2. Sovereign SDK rollups will be secure and scalable. By tailoring each component to the use case in zk-rollups, Sovereign SDK will provide excellent performance by default. Thanks to advances in parallelism, our proofs will have only seconds of latency. With the magic of zero-knowledge proofs, blockchains will be able to scale without sacrificing end-user verifiability.
3. Sovereign SDK Rollups can run on any blockchain. The SovereignSDK chain delegates the responsibility of checking proofs to the end user, not the underlying L1 public chain. That’s why they are called “sovereign” rollups, not smart contract rollups. Since the data availability layer does not need to have the ability to verify proofs, Sovereign SDK rollups can be automatically ported to any L1.
Project Progress
We are currently working hard to develop the Sovereign SDK, and the roadmap is divided into three phases.
Phase 1: Research (ongoing)
The Sovereign SDK is a work in progress.

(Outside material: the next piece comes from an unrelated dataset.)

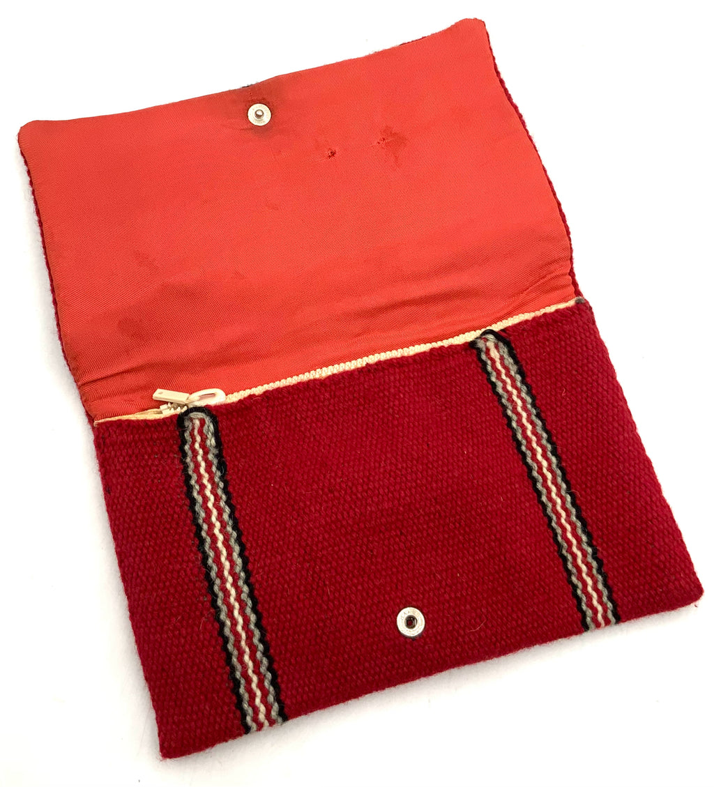 GANSCRAFT Vintage Native American raspberry Chimayo Wool Clutch w/Coin Purse

We are designing the default storage module, cryptoeconomic model, and core API. We are also developing a research prototype. The SDK will support a wide range of data availability layers and proof systems, but our current prototype integrates Celestia for data availability and Risc0 for proofs. We expect this phase to be completed around Q2 2023.
Phase 2: Initial deployment
The initial deployment of the Sovereign SDK will be carried out in parallel with the rest of the research. During this time, we will deploy the p2p network, RPC nodes, core APIs, and default storage and sorting modules.
The third stage: hardening experience
Once the SDK is fully functional, we will invest a lot of time in code cleanup, testing, fuzz testing, and auditing. At the same time, we will also develop the first use cases of the SDK. It is expected that the hardening of the initial deployment will last about six months, after which the SDK will be launched on the mainnet.
Make expansion easier
Sovereign Labs hopes to see blockchain support billions of users. To achieve this, the threshold of zero-knowledge technology must be lowered: developers no longer need to be PhDs in cryptography, and professional protocol engineers are no longer needed to build Rollups.
But infinite scalability means nothing if it comes at the expense of verifiability for end users. We can’t claim victory if building, running, or viewing the state of a blockchain still requires cooperation with a centralized entity. That’s why the Sovereign SDK will always remain completely free and open source, and we are committed to building every component of our technology structure with the highest standards of resilience. Finally, we can’t just say it, we build it in the open.